INFORMATION PROVIDED:
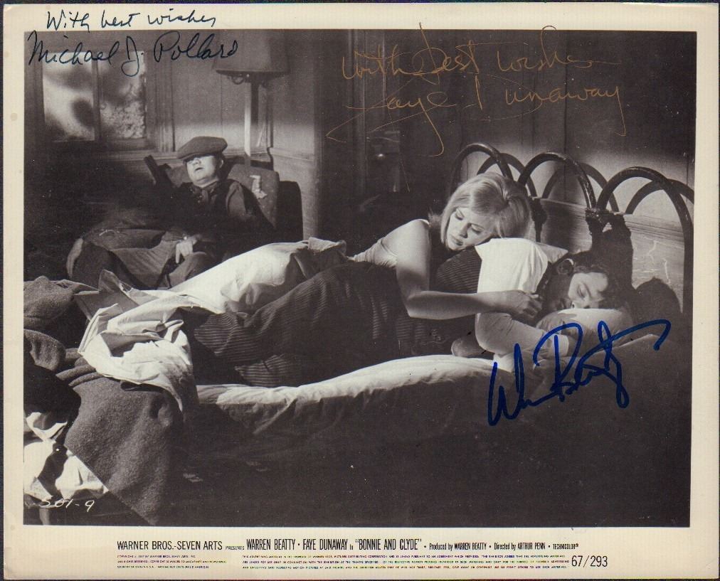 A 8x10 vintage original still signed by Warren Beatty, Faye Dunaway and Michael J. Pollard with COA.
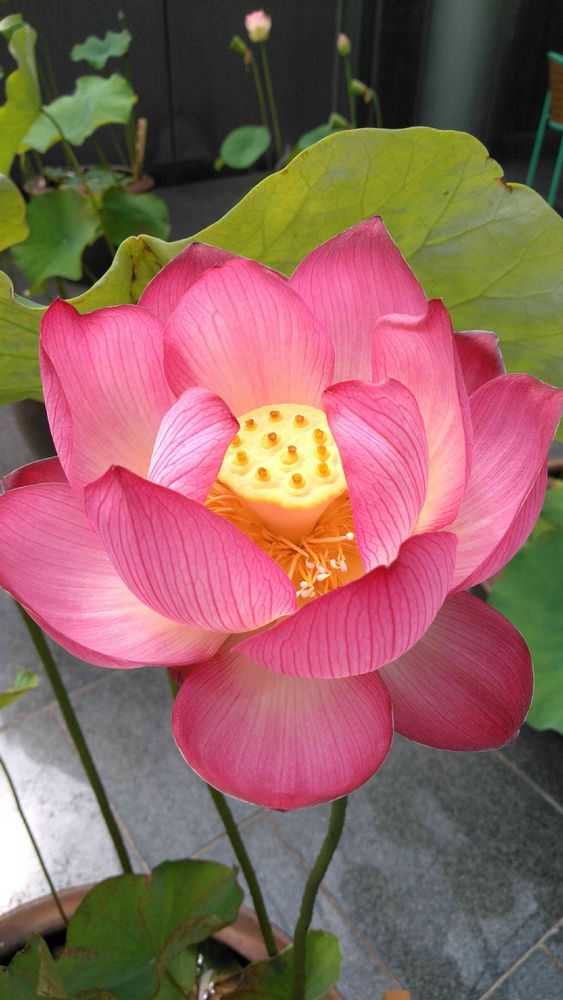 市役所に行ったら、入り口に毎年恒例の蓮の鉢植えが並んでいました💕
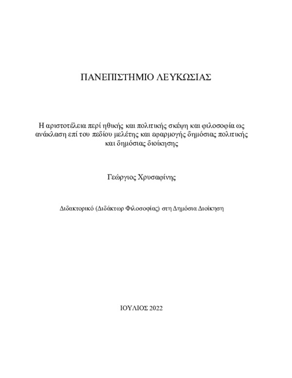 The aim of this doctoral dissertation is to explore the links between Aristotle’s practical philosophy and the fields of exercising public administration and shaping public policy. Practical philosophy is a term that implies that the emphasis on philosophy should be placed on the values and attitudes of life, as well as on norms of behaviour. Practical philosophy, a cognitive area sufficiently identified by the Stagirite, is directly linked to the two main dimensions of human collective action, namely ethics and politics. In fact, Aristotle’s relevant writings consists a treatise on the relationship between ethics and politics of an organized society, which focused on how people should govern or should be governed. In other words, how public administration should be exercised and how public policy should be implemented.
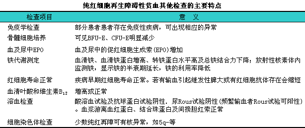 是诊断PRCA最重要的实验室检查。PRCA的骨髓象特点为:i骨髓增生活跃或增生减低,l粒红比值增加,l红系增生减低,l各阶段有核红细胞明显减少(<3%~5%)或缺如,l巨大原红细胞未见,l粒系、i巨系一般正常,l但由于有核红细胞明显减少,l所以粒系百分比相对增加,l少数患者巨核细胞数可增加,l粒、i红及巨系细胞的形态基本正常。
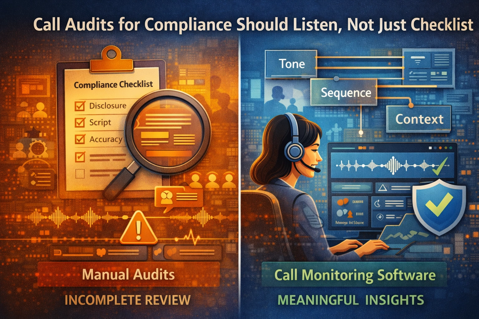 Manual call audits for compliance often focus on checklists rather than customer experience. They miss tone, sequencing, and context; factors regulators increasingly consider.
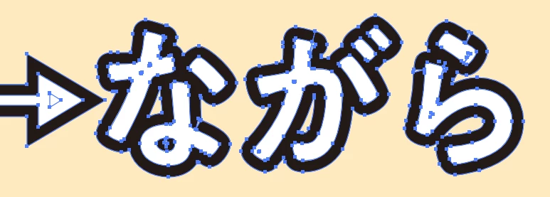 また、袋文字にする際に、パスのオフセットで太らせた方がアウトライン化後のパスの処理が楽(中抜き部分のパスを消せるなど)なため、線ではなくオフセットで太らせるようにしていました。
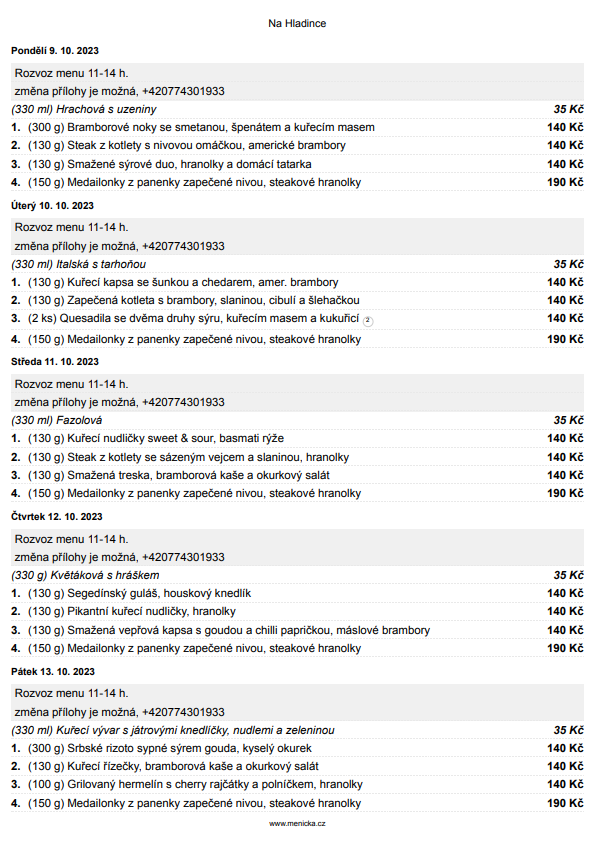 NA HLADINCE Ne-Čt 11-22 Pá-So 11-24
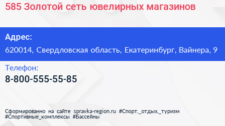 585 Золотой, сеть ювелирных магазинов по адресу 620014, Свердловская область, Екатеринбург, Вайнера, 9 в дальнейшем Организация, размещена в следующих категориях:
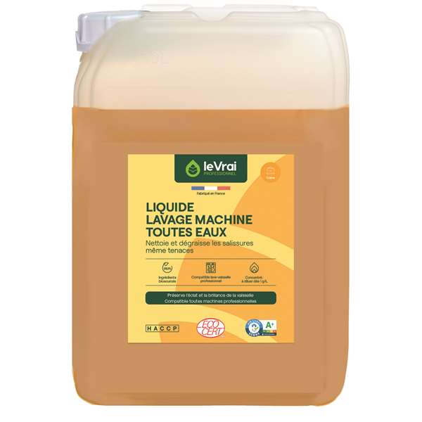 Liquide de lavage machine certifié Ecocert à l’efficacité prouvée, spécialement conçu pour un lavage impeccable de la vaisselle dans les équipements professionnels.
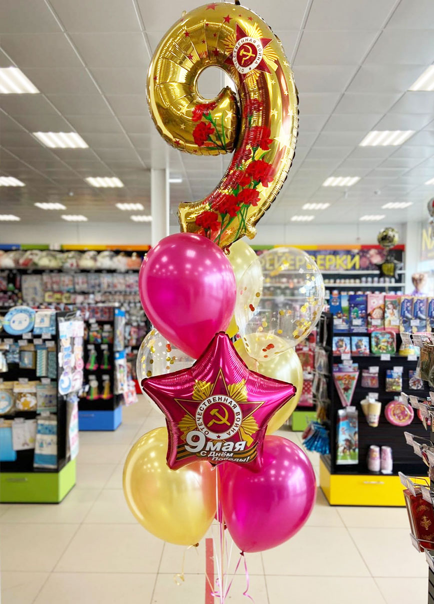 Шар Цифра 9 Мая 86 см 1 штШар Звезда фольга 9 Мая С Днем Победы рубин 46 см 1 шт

...

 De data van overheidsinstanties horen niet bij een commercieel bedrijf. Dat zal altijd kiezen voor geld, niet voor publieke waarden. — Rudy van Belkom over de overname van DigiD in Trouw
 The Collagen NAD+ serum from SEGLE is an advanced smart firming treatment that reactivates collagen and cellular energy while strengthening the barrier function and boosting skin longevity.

==

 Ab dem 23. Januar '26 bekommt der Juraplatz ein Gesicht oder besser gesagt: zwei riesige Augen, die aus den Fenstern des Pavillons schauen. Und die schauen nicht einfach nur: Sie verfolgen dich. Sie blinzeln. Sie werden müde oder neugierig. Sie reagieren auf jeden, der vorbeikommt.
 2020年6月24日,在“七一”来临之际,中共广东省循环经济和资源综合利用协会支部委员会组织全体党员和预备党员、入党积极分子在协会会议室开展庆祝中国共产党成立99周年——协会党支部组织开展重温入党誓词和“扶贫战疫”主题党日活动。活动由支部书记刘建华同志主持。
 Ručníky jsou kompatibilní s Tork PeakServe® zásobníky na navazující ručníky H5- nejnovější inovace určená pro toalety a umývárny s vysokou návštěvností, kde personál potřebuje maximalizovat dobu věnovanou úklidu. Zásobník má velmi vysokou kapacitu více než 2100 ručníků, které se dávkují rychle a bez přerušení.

REQUIRED WORK: Please set down, exactly and with no pictures, the lines in the entries above starting at the one holding "A 8x10 vintage" and ending at the one holding "市役所に行ったら、入り口に毎年恒例の蓮の鉢植えが並んでいました💕", ends included.

OUTPUT OF THE EXERCISE:
 A 8x10 vintage original still signed by Warren Beatty, Faye Dunaway and Michael J. Pollard with COA.
 市役所に行ったら、入り口に毎年恒例の蓮の鉢植えが並んでいました💕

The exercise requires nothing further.